Sin embargo, a las 8 a.m., el ministerio de Exteriores iraní desmintió las afirmaciones de Trump, llamándolas “guerra psicológica” y asegurando que no había habido ningún contacto, ya sea directo o indirecto, con el presidente. Esto provocó que aproximadamente 1 billón de dólares de las ganancias matutinas se evaporara, resultando en un cambio total de 3 billones de dólares en pocas horas, todo desencadenado por un post en redes sociales rápidamente contradicho por Irán. Es probable que el volumen de operaciones algorítmicas en el mercado estadounidense amplificara estas dinámicas, dado que los programas que operan según análisis de sentimientos constituyen una parte significativa del volumen total.
Desarrollo de la Guerra Informativa
Esta semana, los funcionarios iraníes intensificaron la situación utilizando las redes sociales para burlarse de Trump. El presidente del parlamento iraní, Mohammad-Bagher Ghalibaf, aconsejó a los inversores estadounidenses sobre cómo interpretar las noticias, sugiriendo que: “La ‘noticia’ premercado a menudo es solo una configuración para la toma de beneficios”, añadiendo que “si lo inflan, vendan en corto. Si lo hunden, inviertan”.
La guerra de información ha escalado aún más. El jueves, Ghalibaf lanzó una encuesta preguntando si debería mencionar a ciertos banqueros y fondos de cobertura que él sostiene que están lucrando con la política de guerra, desafiando abiertamente a conocidos como Bill Ackman, a quien apoda “pretendiente” en círculos financieros.
No obstante, esto no solo se trata de bromas. Las publicaciones del orador han generado millones de vistas y, al menos a corto plazo, su consejo de inversión podría haber resultado beneficioso, ya que apostar contra las afirmaciones de Trump sobre Irán esta semana habría sido lucrativo, por ejemplo, apostando a que los precios del petróleo subirían o acortando el mercado estadounidense.
Credibilidad y Riesgos
En este contexto, la vulnerabilidad que Ghalibaf se burla y explota es la credibilidad de Trump. Medios de comunicación destacados han afirmado rápidamente que sus afirmaciones sobre negociaciones con Irán son falsas en su totalidad o en parte. El Wall Street Journal fue el primero en informar que lo que Trump describía como “conversaciones muy buenas y productivas” eran en realidad mensajes preliminares sin contacto directo entre EE.UU. e Irán.
También se reveló que varias agencias de inteligencia de EE.UU. consideran que Irán “no está dispuesto a participar en negociaciones sustanciales” y que ambos países “no están en negociaciones sobre términos de un alto el fuego o sobre el final de la guerra”.

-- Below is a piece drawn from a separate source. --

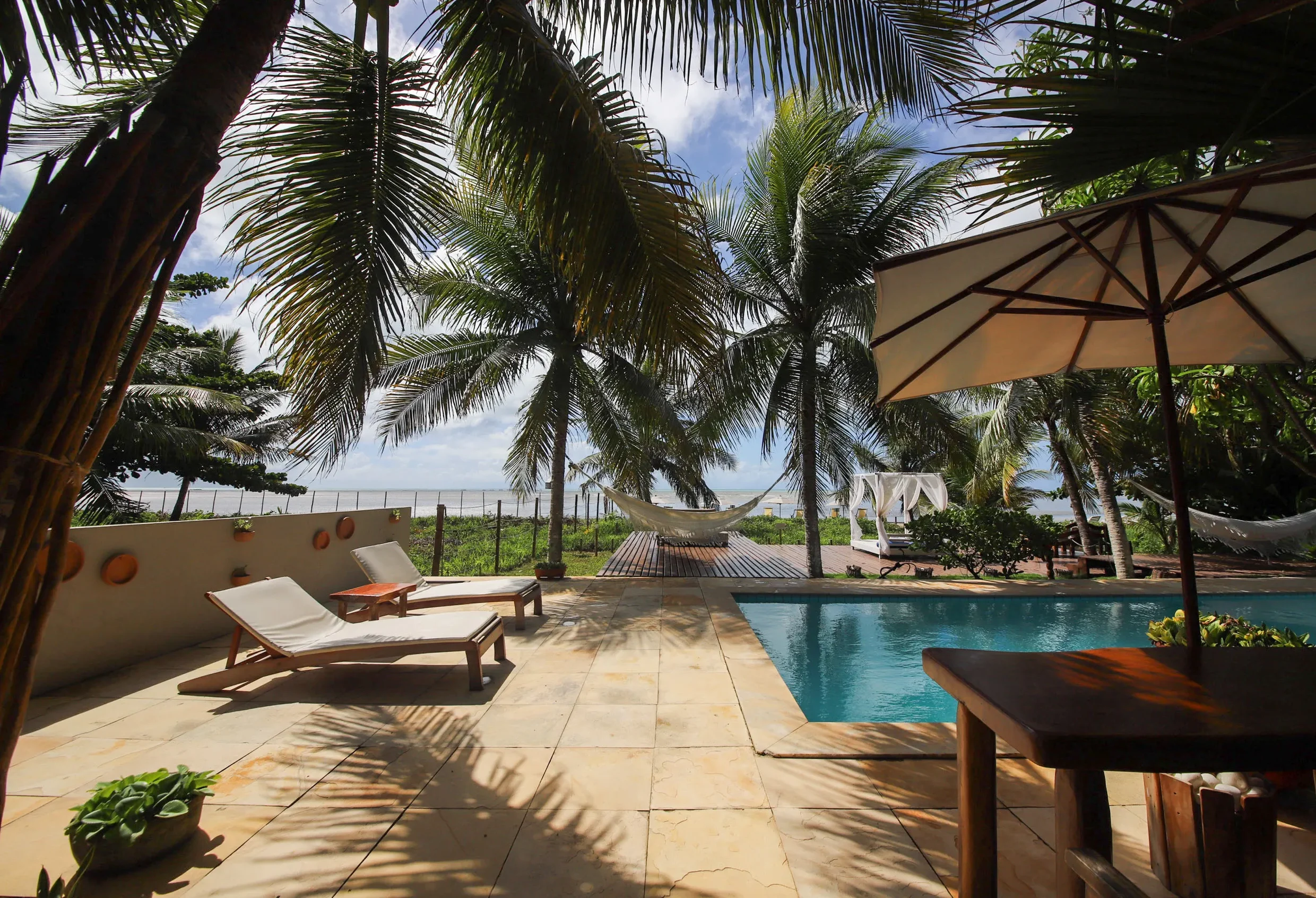No estilo casa de praia, a Vila Sagui se destaca em meio a tanta natureza, seu lindo jardim e os coqueirais que fazem conexão com o mar logo em frente, faz deste lugar o cenário perfeito para quem adora desconectar da correria do dia a dia.

El fenómeno observado es notable. “Se puede anunciar la paz, pero si no se concreta, el efecto será el contrario”, explicó Igor Pejic, un experto en dinámicas de mercado modernas. “Lo que estamos viendo es un ciclo clásico de volatilidad en tiempos de guerra amplificado por señales presidenciales en tiempo real”. Sin embargo, el riesgo radica en que “los mercados se conviertan en un ‘comercio de Trump’ en lugar de un comercio fundamentado, aumentando la volatilidad y creando confusión.”

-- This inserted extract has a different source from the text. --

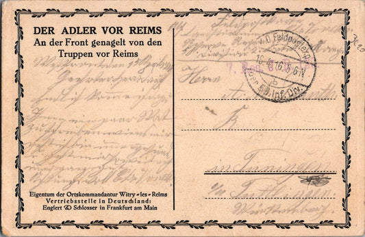 carte postale et carte photo aigle de collecte de fonds (clous) vers Reims 1916

Además, la “optimismo prematuro” (como las afirmaciones previas de que las negociaciones estaban “muy completas”) puede cultivar cinismo y desconfianza, lo que provocaría que los inversores empiecen a descartar declaraciones oficiales, retrasando la recuperación real de precios cuando lleguen las verdaderas noticias.
En resumen, aunque la integridad del mercado no se ha roto, el ratio de señal-ruido está deteriorándose, con implicaciones significativas para la inversión y el análisis de mercado en el futuro.